As the sac tapers off towards the neck, there is a dilated region known as Hartmann's pouch, which becomes important when discussing gallstone disease. The neck transitions to the cystic duct, which acts as a conduit between the gallbladder and the common bile duct. It should be noted that the luminal surface of the cystic duct is also equipped with spirally folded valves of Heister; which are thought to be necessary in keeping the duct patent.
The luminal surface of the gallbladder is characterized by numerous folds of rugae that give the organ a honeycomb appearance. There are also numerous depressions throughout the luminal surface known as the crypts of Luschka that form tiny diverticula within the mucosal surface of the organ. It is likely that this increases the surface area of the luminal surface of the gallbladder, allowing a larger area for water and electrolyte re-uptake during bile concentration.
Extrahepatic biliary tree
After being formed by union of the respective segmental ducts, the left and right hepatic ducts will fuse to form the common hepatic duct. About 2 – 3 cm from the point of formation, the common hepatic duct unites with the roughly 4 cm long cystic duct to form the common bile duct. For the next 8 cm, the common bile duct will travel towards the pars descendens (second part) of the duodenum. This portion of the duct can be subdivided into supraduodenal, retroduodenal, infraduodenal and intraduodenal segments. Before entering the duodenum, the common bile duct unites with the main pancreatic duct to form the hepatopancreatic duct. This structure penetrates the duodenal mucosa and emerges as the ampulla of Vater that is encircled distally by the sphincter of Oddi.

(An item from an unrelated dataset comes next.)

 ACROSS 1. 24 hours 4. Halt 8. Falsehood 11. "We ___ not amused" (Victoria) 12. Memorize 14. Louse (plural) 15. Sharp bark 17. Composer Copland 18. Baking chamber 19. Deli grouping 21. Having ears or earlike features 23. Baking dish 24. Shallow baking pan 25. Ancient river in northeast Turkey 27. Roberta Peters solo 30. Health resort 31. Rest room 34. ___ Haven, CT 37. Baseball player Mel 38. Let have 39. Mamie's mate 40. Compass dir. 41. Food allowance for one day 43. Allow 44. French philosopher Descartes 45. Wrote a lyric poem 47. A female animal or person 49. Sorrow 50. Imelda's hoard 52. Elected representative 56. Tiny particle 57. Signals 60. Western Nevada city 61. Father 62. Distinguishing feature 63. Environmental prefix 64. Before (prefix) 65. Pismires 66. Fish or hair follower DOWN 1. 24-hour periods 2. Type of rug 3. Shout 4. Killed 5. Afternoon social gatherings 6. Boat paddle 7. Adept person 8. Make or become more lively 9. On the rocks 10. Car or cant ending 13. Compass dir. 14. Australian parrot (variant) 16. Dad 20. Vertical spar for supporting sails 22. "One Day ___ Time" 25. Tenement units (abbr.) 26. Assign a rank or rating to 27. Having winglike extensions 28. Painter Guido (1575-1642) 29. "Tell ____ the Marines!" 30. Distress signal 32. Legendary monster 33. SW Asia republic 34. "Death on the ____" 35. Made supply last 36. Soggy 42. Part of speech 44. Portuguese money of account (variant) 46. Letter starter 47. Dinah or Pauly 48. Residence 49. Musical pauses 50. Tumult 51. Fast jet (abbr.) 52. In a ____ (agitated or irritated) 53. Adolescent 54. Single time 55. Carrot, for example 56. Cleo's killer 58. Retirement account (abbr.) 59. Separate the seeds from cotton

An important landmark that is useful during cholecystectomies is the triangle of Calot. This is a pyramidal space that is bordered laterally by the cystic duct, medially by the common hepatic duct, and superiorly (i.e. the base of the triangle) by the inferior border of hepatic segment V. Travelling through the triangular space is the cystic artery; and residing within the triangle is the lymph node of Lund.
Disorders of the gallbladder
The main roles of the gallbladder are to store and concentrate bile, and to secrete mucus. Disturbance in the natural balance of the contents of the gallbladder or inflammation of the gallbladder mucosa can create a pro-lithogenic environment. The presence of calculi within the gallbladder is referred to as cholelithiasis. The vast majority of individuals with cholelithiasis are asymptomatic. However, the conversion rate from asymptomatic to symptomatic is estimated between 2 – 4% per year. There are three types of gallstones that are encountered. The most prominent types of stones in the Western world are cholesterol and mixed stones. However, in the Asian subcontinent, pigment stones are the most prominent of the three.

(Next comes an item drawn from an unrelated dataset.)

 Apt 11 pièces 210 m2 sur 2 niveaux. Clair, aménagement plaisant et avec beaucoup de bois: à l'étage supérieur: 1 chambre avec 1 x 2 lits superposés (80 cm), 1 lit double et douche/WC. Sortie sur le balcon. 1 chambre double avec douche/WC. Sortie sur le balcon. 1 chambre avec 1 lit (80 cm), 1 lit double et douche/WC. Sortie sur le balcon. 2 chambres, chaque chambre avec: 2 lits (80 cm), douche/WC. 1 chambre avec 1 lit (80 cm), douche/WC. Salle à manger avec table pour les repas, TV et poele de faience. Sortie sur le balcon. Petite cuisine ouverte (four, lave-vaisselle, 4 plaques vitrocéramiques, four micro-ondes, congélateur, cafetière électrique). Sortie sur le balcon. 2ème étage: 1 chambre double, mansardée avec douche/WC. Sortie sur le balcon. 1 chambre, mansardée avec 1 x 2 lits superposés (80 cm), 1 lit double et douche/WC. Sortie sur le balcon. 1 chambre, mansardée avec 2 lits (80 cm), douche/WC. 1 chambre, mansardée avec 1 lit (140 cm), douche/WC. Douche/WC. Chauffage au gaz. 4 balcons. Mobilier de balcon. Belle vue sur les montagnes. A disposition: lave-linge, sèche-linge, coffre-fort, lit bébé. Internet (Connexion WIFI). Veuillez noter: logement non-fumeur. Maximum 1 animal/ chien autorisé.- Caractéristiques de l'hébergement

Risk factors for cholelithiasis
Modifiable risk factors associated with cholelithiasis include (but are not limited to):
- Obesity and high fat diet – increased cholesterol can lead to oversaturation and cholesterol precipitation within the gallbladder.
- Oral contraceptive use – cholestatic effect of progesterones.

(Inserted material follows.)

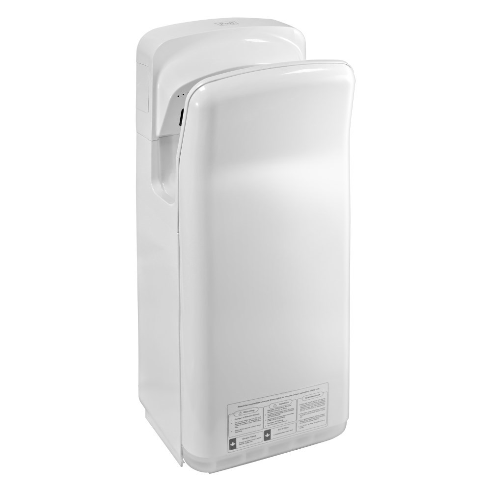 Данная модель снабжена переключателем холодный-горячий, что дает возможность использовать холодный воздух (при мощности устройства 900 Вт.) или горячий воздух (при мощности устройства в 2000 Вт.). Влага с рук собирается в каплесборнике объемом 0.5 л., который периодически необходимо опустошать (это не требует специальных навыков).

- Pregnancy – similar concept to oral contraceptive use.
The non-modifiable risk factors are as follows:
- Ethnicity – highest in individuals of Hispanic and Native American populations, as well as in people of Northern European descent. It is relatively less commonly seen in those of African and Asian descent.
- Increasing age – cholesterol gallstone formation increases with age, while pigment stones may occur in younger individuals with parasitic infections or haemolytic anaemias.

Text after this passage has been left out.